* ACTIVITY *
Using the data below, restate exactly every line from the one with "Borsa a secchiello" up to and including the one with "ئەمڕۆ چوارشەممە ١٣". No picture belongs in it.

(Stored data)

--- START ---

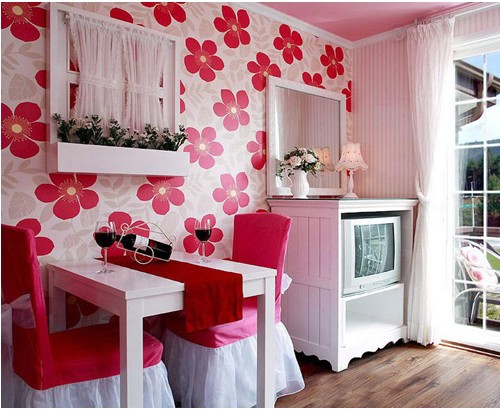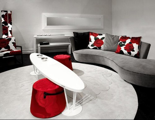 紅色是最搶眼的顏色,與在視覺(jué)上起收縮效果的藍(lán)色相比,紅色對(duì)視覺(jué)起強(qiáng)烈的沖擊作用。一般使用在鏈接標(biāo)記家具和窗簾等大的物品上,一定要注意緩和壓迫感?;蛘卟挥悯r亮的紅色。而改用灰色調(diào)或暗色調(diào)的紅色。說(shuō)起粉紅色,它不像紅色那樣強(qiáng)烈,但是印象鮮明,在表現(xiàn)可愛(ài)、成熟的時(shí)尚時(shí),都可以使用。華麗的紅色、純凈的白色、成熟的粉紅色互相襯托、競(jìng)相艷麗。
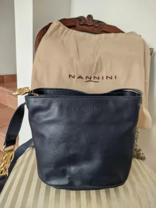 Borsa a secchiello Nannini in pelle blu scuro. Un accessorio elegante. - Materiale: Pelle - Colore: blu scuro Con la sua estetica minimalista non risente del passare degli anni, rimanendo un accessorio elegante e casual, un vero evergreen del marchio italiano. Interno foderato in pelle nera. Tasca interna con cerniera ed etichetta con logo Giannini. Chiusura con zip a forma di stella in metallo dorato. Manico in pelle con inserti in metallo dorato. Fodera proteggi borsa in tessuto. Originale, made in Italy, mai usata. Altezza: 20 cm Larghezza: 27cm Profondità: 10 cm
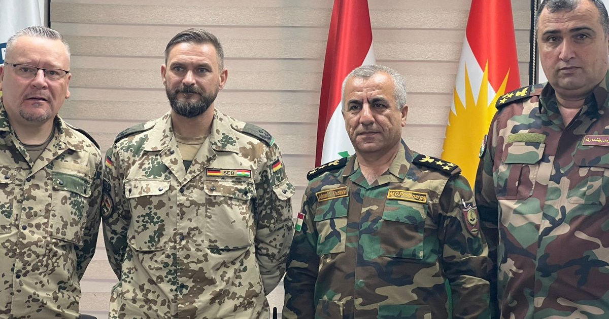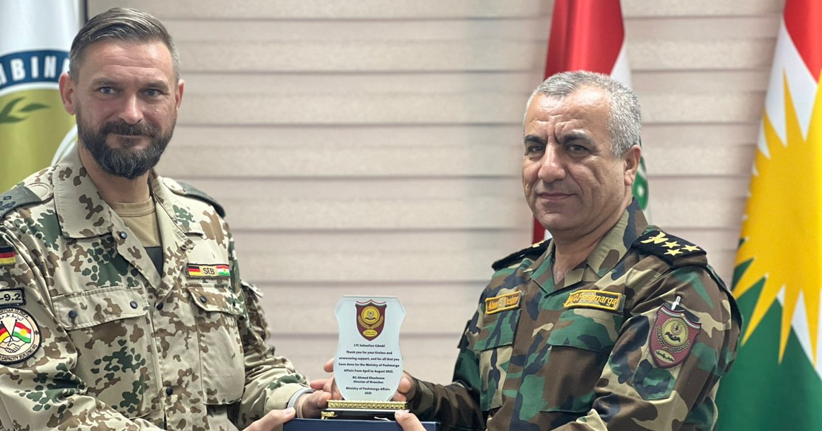 ئەمڕۆ چوارشەممە ١٣ ی ئابی ٢٠٢٥، ئەحمەد سادق، بەڕێوەبەری ڕشتەکانی وەزارەتی کاروباری پێشمەرگە، پێشوازی لە شاندێکی سەربازیی ڕاوێژکارانی سوپای ئەڵمانیا لە هەرێمی کوردستان کرد.
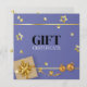Design festivo glamouroso de alta qualidade, com caixa de presente de ouro de luxo, arco e fita com estrelas de ouro e bola de árvore de Natal sobre um simples fundo azul pastel. Esta elegante e moderna certidão de presente é perfeita para a sua pequena empresa ou para oferecer amigos e família, especialmente para as férias de Natal.
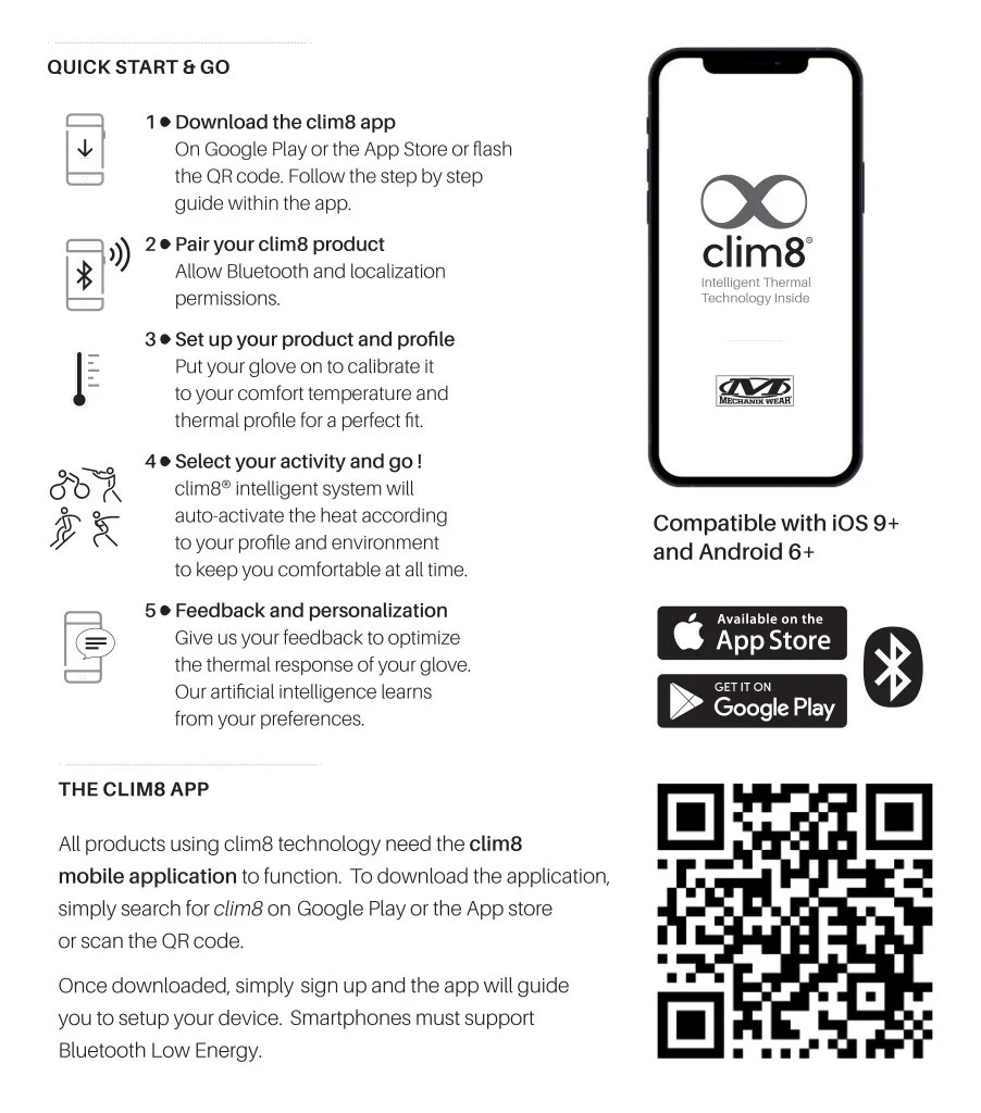 - clim8® intelligent Thermal Technology Heating System that automatically turns on when glove is placed on hand.
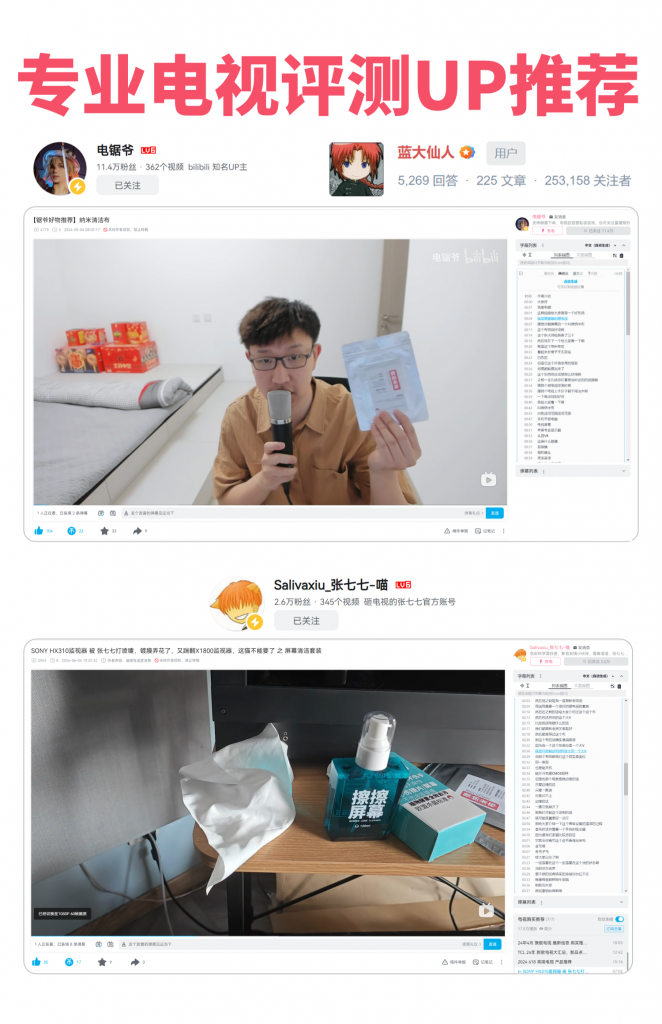 蓝大仙人、电锯、张七七喵等专业电视评测UP推荐
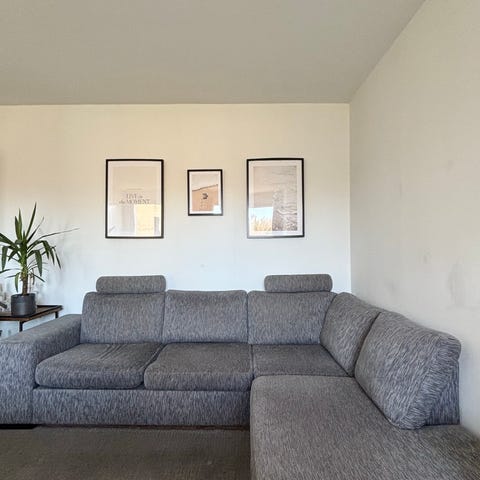 Beige hörnsoffa med schäslong, mått ca 290x150 cm och sittyta ca 90 cm bred.

--- END ---

* EXERCISE OUTPUT *
 Borsa a secchiello Nannini in pelle blu scuro. Un accessorio elegante. - Materiale: Pelle - Colore: blu scuro Con la sua estetica minimalista non risente del passare degli anni, rimanendo un accessorio elegante e casual, un vero evergreen del marchio italiano. Interno foderato in pelle nera. Tasca interna con cerniera ed etichetta con logo Giannini. Chiusura con zip a forma di stella in metallo dorato. Manico in pelle con inserti in metallo dorato. Fodera proteggi borsa in tessuto. Originale, made in Italy, mai usata. Altezza: 20 cm Larghezza: 27cm Profondità: 10 cm
 ئەمڕۆ چوارشەممە ١٣ ی ئابی ٢٠٢٥، ئەحمەد سادق، بەڕێوەبەری ڕشتەکانی وەزارەتی کاروباری پێشمەرگە، پێشوازی لە شاندێکی سەربازیی ڕاوێژکارانی سوپای ئەڵمانیا لە هەرێمی کوردستان کرد.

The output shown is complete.